Il Garante per l’Infanzia e l’Adolescenza della Città Metropolitana di Reggio Calabria interviene dopo l'atto ai danni della struttura sportiva
"Il grave incendio che ha colpito la sede del Centro Reggio Junior a Sant’Antonio suscita profonda amarezza e preoccupazione. Non si tratta solo di un atto contro una struttura sportiva, ma di un attacco a un luogo che, da anni, rappresenta aggregazione, crescita e formazione per tanti bambini, adolescenti e famiglie".
Lo afferma in una nota stampa il Garante per l’Infanzia e l’Adolescenza della Città Metropolitana di Reggio Calabria, Emanuele Mattia.
"Come Garante per l’Infanzia e l’Adolescenza della Città Metropolitana di Reggio Calabria, esprimo la mia vicinanza e solidarietà alla famiglia Quartullo e a tutta la comunità sportiva coinvolta, riconoscendo il valore educativo e sociale che realtà come il Reggio Junior hanno saputo incarnare nel tempo" - dichiara.

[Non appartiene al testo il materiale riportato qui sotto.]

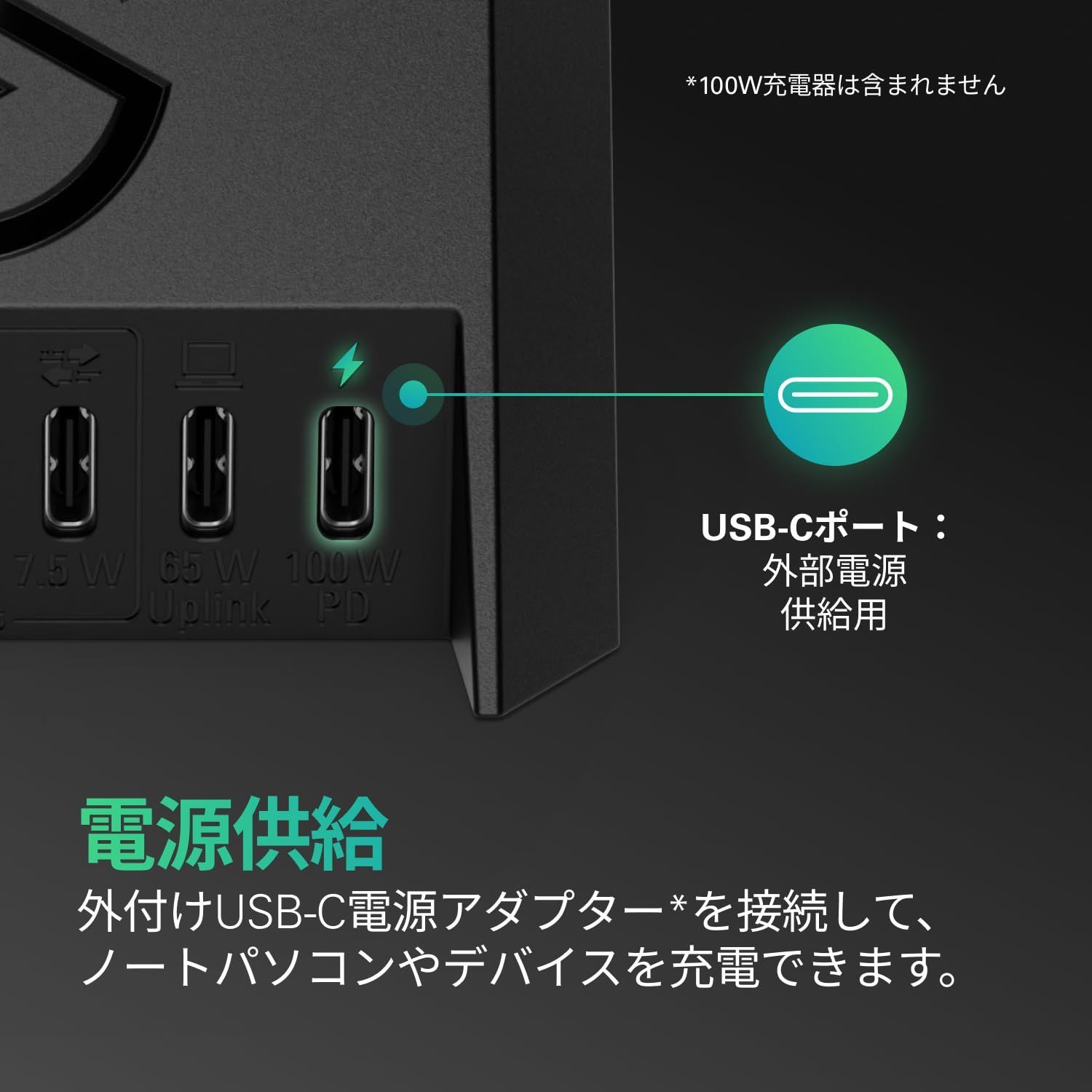 USB PD対応USB-C端子を備えており、入力最大100W、出力最大65Wの充電機能を利用可能です(PD対応ACアダプターは別売です)。

"Lo sport è scuola di vita: insegna regole, rispetto, lealtà, spirito di squadra. Difendere questi spazi significa difendere la possibilità per i nostri giovani di crescere come cittadini responsabili e consapevoli. Per questo, condivido la necessità di una risposta ferma e unitaria da parte delle istituzioni, della società civile e di tutta la comunità reggina, affinché episodi come questo non trovino mai terreno fertile" - aggiunge.
"Rinnovo - conclude infine il Garante - l’impegno della Garante a promuovere e tutelare ogni luogo che favorisca la crescita sana dei ragazzi e invito tutti a stringersi attorno a chi oggi ha subito questo duro colpo, trasformando la solidarietà in azione concreta".